▶ Exercise data:
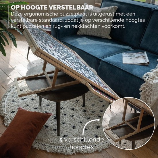 Le support intégré vous permet d'ajuster la plaque de puzzle à cinq angles différents (0°, 28°, 33°, 37°, 40°). Cela vous permet de travailler confortablement et d'éviter les douleurs au cou et au dos, même lors de longues sessions de puzzle.
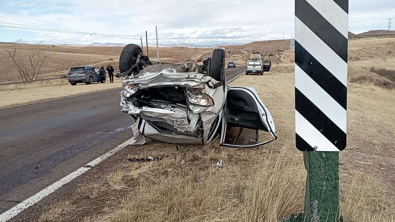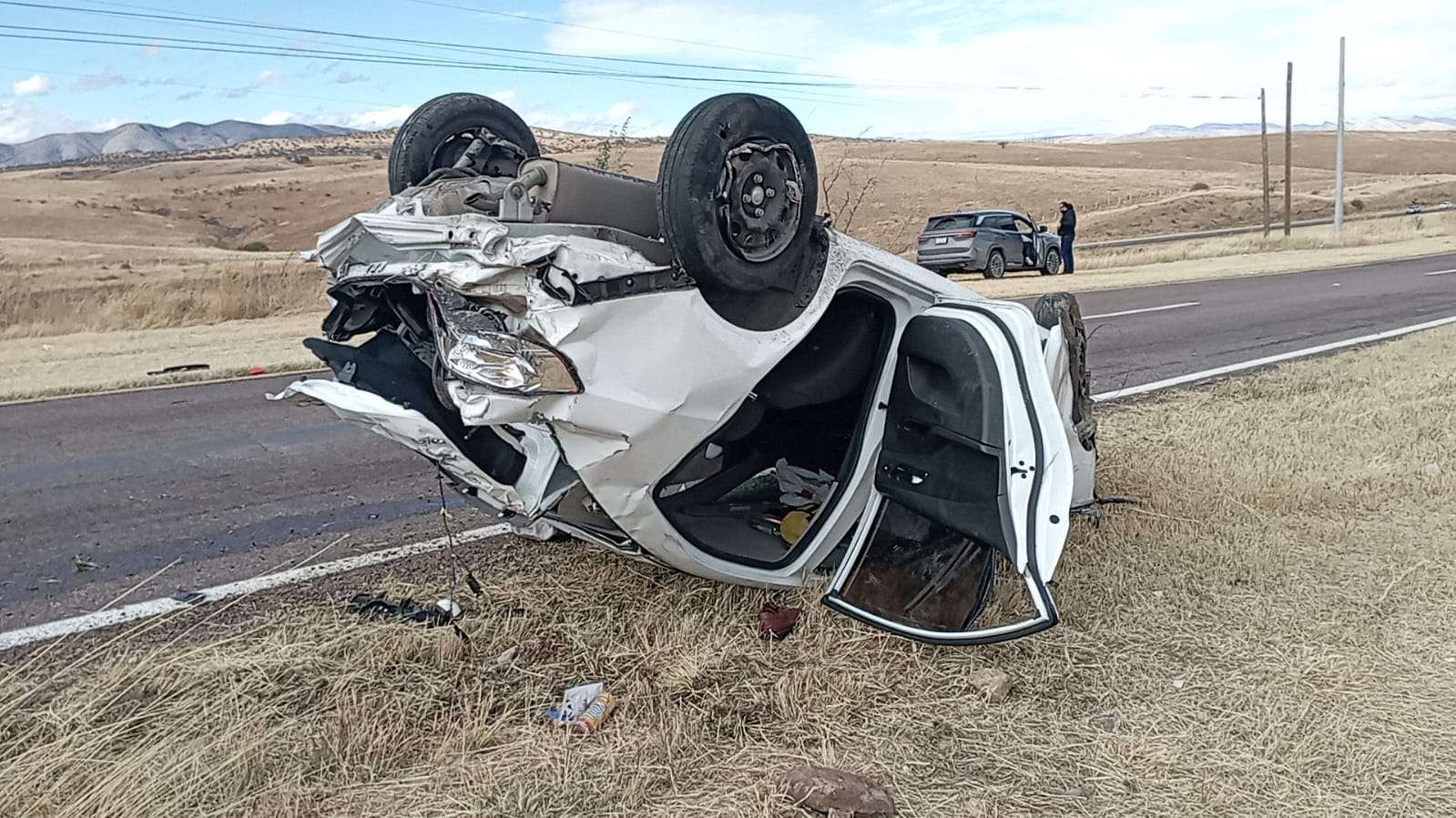 Chihuahua. - Una aparatosa volcadura se registró a la altura del kilómetro 25 de la carretera que conduce de Chihuahua a Cuauhtémoc, luego de que el conductor de un automóvil Chevrolet Aveo, color blanco, perdiera el control del volante.
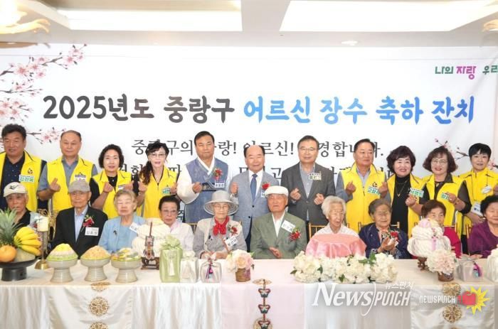 뉴스펀치 김완규 기자 | 중랑구는 지난 9월 26일, 중랑구 효사랑봉사회 주관으로 ‘2025년 중랑구 어르신 장수 축하 잔치’를 열고 동별 최고령 어르신과 가족들을 초청해 감사의 마음을 전하는 뜻깊은 시간을 가졌다.
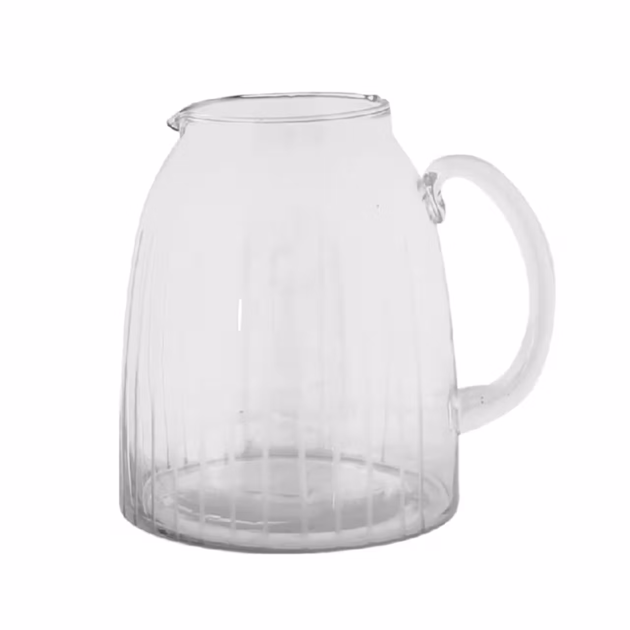 Kanna med handtag i glas med etsade ränder som dekor. Matcha gärna med dricksglasen med samma etsade rand. Kannan är tillverkad av 50-60% återvunnet glas.
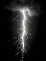 'Bliksem' is een zwart-wit foto van een bliksemschicht die vanuit de wolken verschijnt
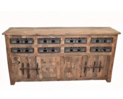 N’attendez plus pour donner un look ethnique plein d’authenticité à votre séjour grâce à cette originale enfilade issue de la collection « Népalaise ». Réalisée à partir d’anciens plateaux de boulangerie en métal et de bois exotique recyclé, cette enfilade comblera toutes les attentes des amateurs de meubles solides bourrés de personnalité.
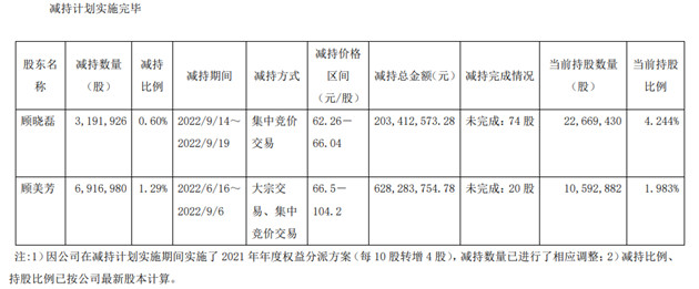 2022年6月至9月间,顾晓磊、顾美芳合计减持1010.89万股,合计套现8.32亿元。
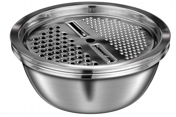 Стальная чаша с набором терок и съемным дуршлагом САК-6 — практичный и функциональный набор, который пригодится на любой кухне. Состоит из стальной чаши, дуршлага и крышки с терками для мелкого и крупного измельчения и нарезки (плоскими и зубчатыми).
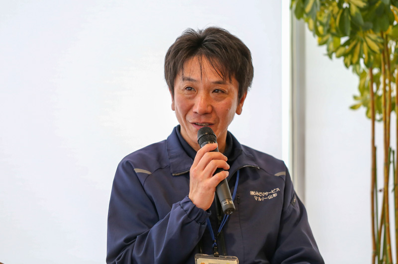 そして、味の決め手となる「とびうおのつゆ」を手掛けられた、株式会社みどりサービス マルノー山形より、代表取締役社長・吉村 俊一(よしむら しゅんいち)さんと、食品部 開発営業課 課長・岩崎 正幸(いわさき まさゆき)さんのお2人。
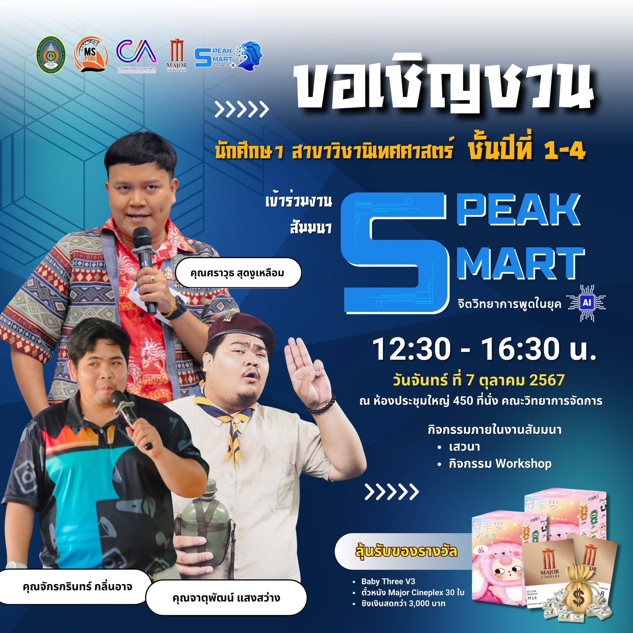 #ขอเชิญชวนนักศึกษาทุกชั้นปี เข้าร่วมงานสัมมนา “Speak Smart จิตวิทยาการพูดในยุค Ai ” กิจกรรมภายในงานมีการเสวนา และกิจกรรม Workshop ลุ้นรับของรางวัลมากมาย

▶ How to complete this task: Quote the listing above in full, except for the pictures.

▶ Exercise response:
 Le support intégré vous permet d'ajuster la plaque de puzzle à cinq angles différents (0°, 28°, 33°, 37°, 40°). Cela vous permet de travailler confortablement et d'éviter les douleurs au cou et au dos, même lors de longues sessions de puzzle.
 Chihuahua. - Una aparatosa volcadura se registró a la altura del kilómetro 25 de la carretera que conduce de Chihuahua a Cuauhtémoc, luego de que el conductor de un automóvil Chevrolet Aveo, color blanco, perdiera el control del volante.
 뉴스펀치 김완규 기자 | 중랑구는 지난 9월 26일, 중랑구 효사랑봉사회 주관으로 ‘2025년 중랑구 어르신 장수 축하 잔치’를 열고 동별 최고령 어르신과 가족들을 초청해 감사의 마음을 전하는 뜻깊은 시간을 가졌다.
 Kanna med handtag i glas med etsade ränder som dekor. Matcha gärna med dricksglasen med samma etsade rand. Kannan är tillverkad av 50-60% återvunnet glas.
 'Bliksem' is een zwart-wit foto van een bliksemschicht die vanuit de wolken verschijnt
 N’attendez plus pour donner un look ethnique plein d’authenticité à votre séjour grâce à cette originale enfilade issue de la collection « Népalaise ». Réalisée à partir d’anciens plateaux de boulangerie en métal et de bois exotique recyclé, cette enfilade comblera toutes les attentes des amateurs de meubles solides bourrés de personnalité.
 2022年6月至9月间,顾晓磊、顾美芳合计减持1010.89万股,合计套现8.32亿元。
 Стальная чаша с набором терок и съемным дуршлагом САК-6 — практичный и функциональный набор, который пригодится на любой кухне. Состоит из стальной чаши, дуршлага и крышки с терками для мелкого и крупного измельчения и нарезки (плоскими и зубчатыми).
 そして、味の決め手となる「とびうおのつゆ」を手掛けられた、株式会社みどりサービス マルノー山形より、代表取締役社長・吉村 俊一(よしむら しゅんいち)さんと、食品部 開発営業課 課長・岩崎 正幸(いわさき まさゆき)さんのお2人。
 #ขอเชิญชวนนักศึกษาทุกชั้นปี เข้าร่วมงานสัมมนา “Speak Smart จิตวิทยาการพูดในยุค Ai ” กิจกรรมภายในงานมีการเสวนา และกิจกรรม Workshop ลุ้นรับของรางวัลมากมาย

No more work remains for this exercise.